The half marathon is my favorite distance to race. It is a challenging distance that requires significant training in order to be successful. But it does not take the devastating toll on the body that the marathon does. The half has the feel of a big race, unlike most 5K and 10K events.
There has been some discussion within the running community about the name “half marathon.” Several years ago a movement started to call it the “Pikermi.” Pikermi is a town in Greece roughly halfway between Marathon and Athens. According to legend, in 490 BC a messenger named Pheidippides ran the 26.2 miles from Marathon to Athens to deliver the message that the Greeks had defeated the Persians in the Battle of Marathon. This is where the marathon got its name and its distance. The idea behind renaming was that the term “half” somehow diminished the 13.1 mile distance. But the idea never caught on. More diminishing to the distance in my mind is the term “Mini Marathon” that seems to be popular in the Midwest.

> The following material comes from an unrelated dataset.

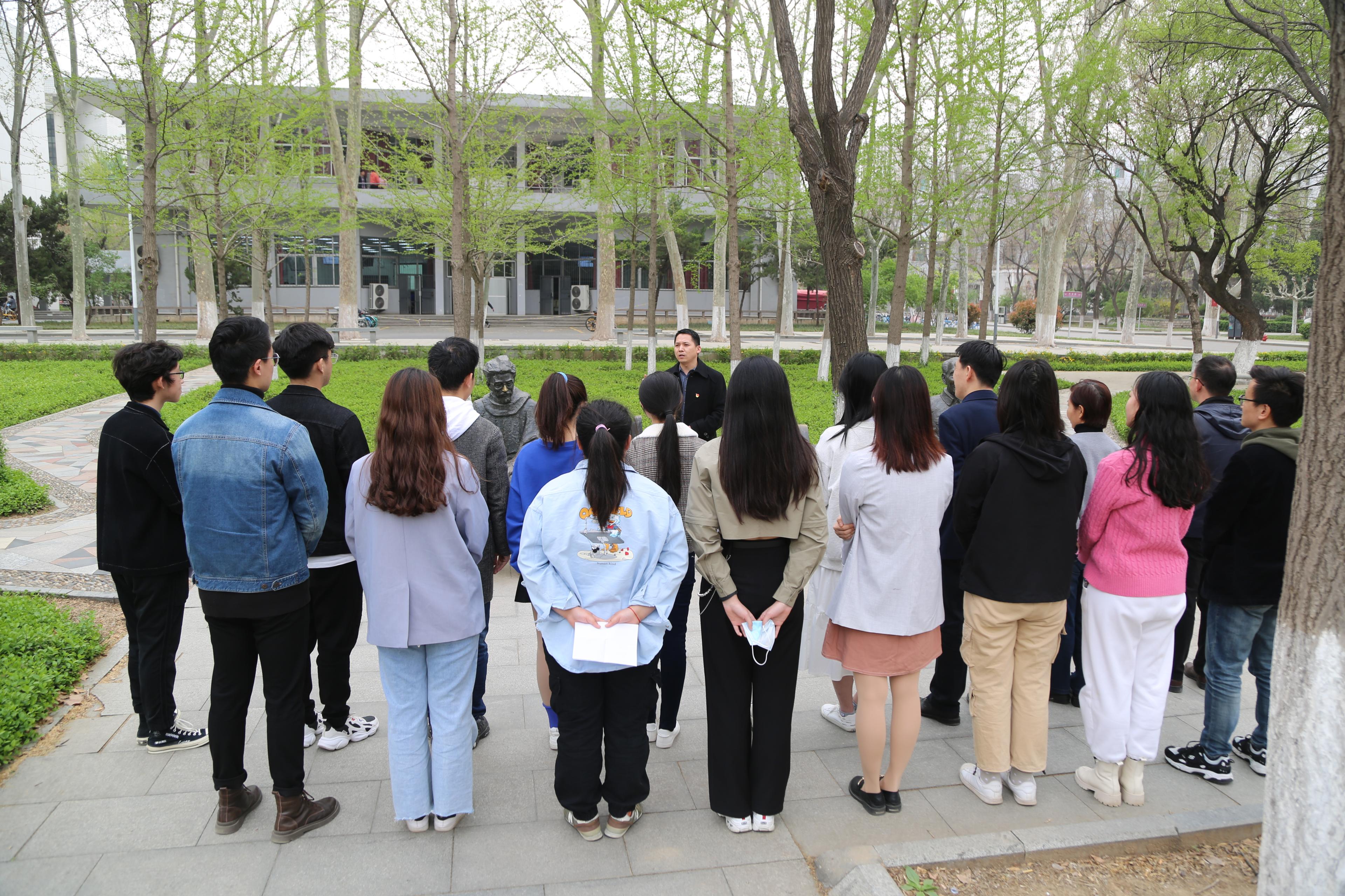 下午4时,党员们来到位于公教楼前的闻一多、臧克家雕像前。张洪刚为大家讲述了二位先生就职求学于山大时动人的师生情谊。闻一多破格录取臧克家的故事成就了山大校史上的一段佳话,二位先生的道德文章更为今天的山大学子树立了光辉的榜样。张帅指出,今年是中国共产党成立百年,也是山东大学建校百廿。在清明节即将到来之际,我们怀着无比崇敬的心情,深切缅怀在党史、校史和院史上做出过突出贡献的山大先辈,具有十分重要的意义。作为党员,我们要继承和发扬好先辈们身上的山大精神、文院精神,增强锐意进取、开拓创新的勇气和能力,以实际行动践行初心使命、告慰前辈先贤。
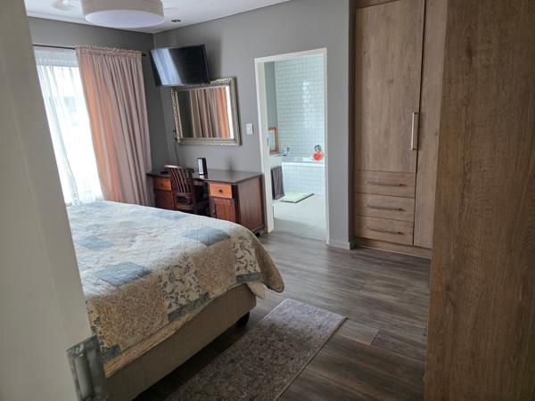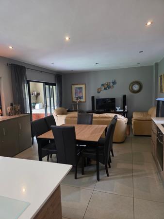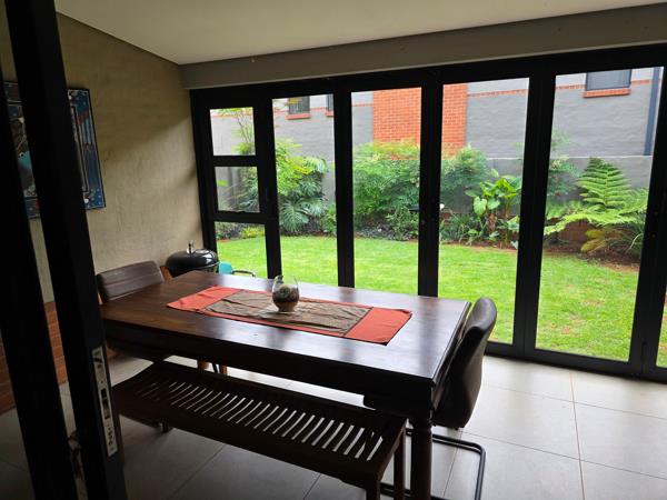 The large open-plan living and dining area flows seamlessly into a gourmet kitchen featuring ultra-modern finishes. The living space opens onto a covered patio with a built-in braai and a private walled gardenperfect for entertaining.

I ran my first half marathon in Detroit in 2008. It only took that one race to get me hooked. I’ve since run a total of 14 half marathons in Michigan, Ohio, Kentucky, Pennsylvania and Florida. Each was both challenging and fun in its own way. My favorite was the Big Hit Half Marathon in Louisville in 2013. The Big Hit begins outside of Louisville Slugger Field, home of the Louisville Bats. The Bats are a Triple-A affiliate of the Cincinnati Reds. The race winds through downtown Louisville then out to Churchill Downs, site of the Kentucky Derby. After returning downtown, runners enter the stadium and cross the finish line at home plate. In 2013 I crossed that line in one hour, 50 minutes and 54 seconds, my personal best.
I ran the half marathon distance yesterday, but it was not a race. It was a training run that completed my 8th week of training for the Chicago Marathon. I ran with Team World Vision on the very hilly section of Hines Drive that is our standard course. TWV provided water stations on the course that were staffed by friendly and encouraging volunteers. The weather was perfect for a long run. I completed the distance in 2 hours and 17 minutes, the same as my slowest ever half marathon race. Yet as a training run, at 10:29 per mile I was just 1 second off of my goal pace. It was a good run.
Today is my one planned rest day of the week. And I need it. I’m tired and I’m sore. The week ahead is a slight but planned step back. 24 total miles, with the longest run only 10. The the real work begins.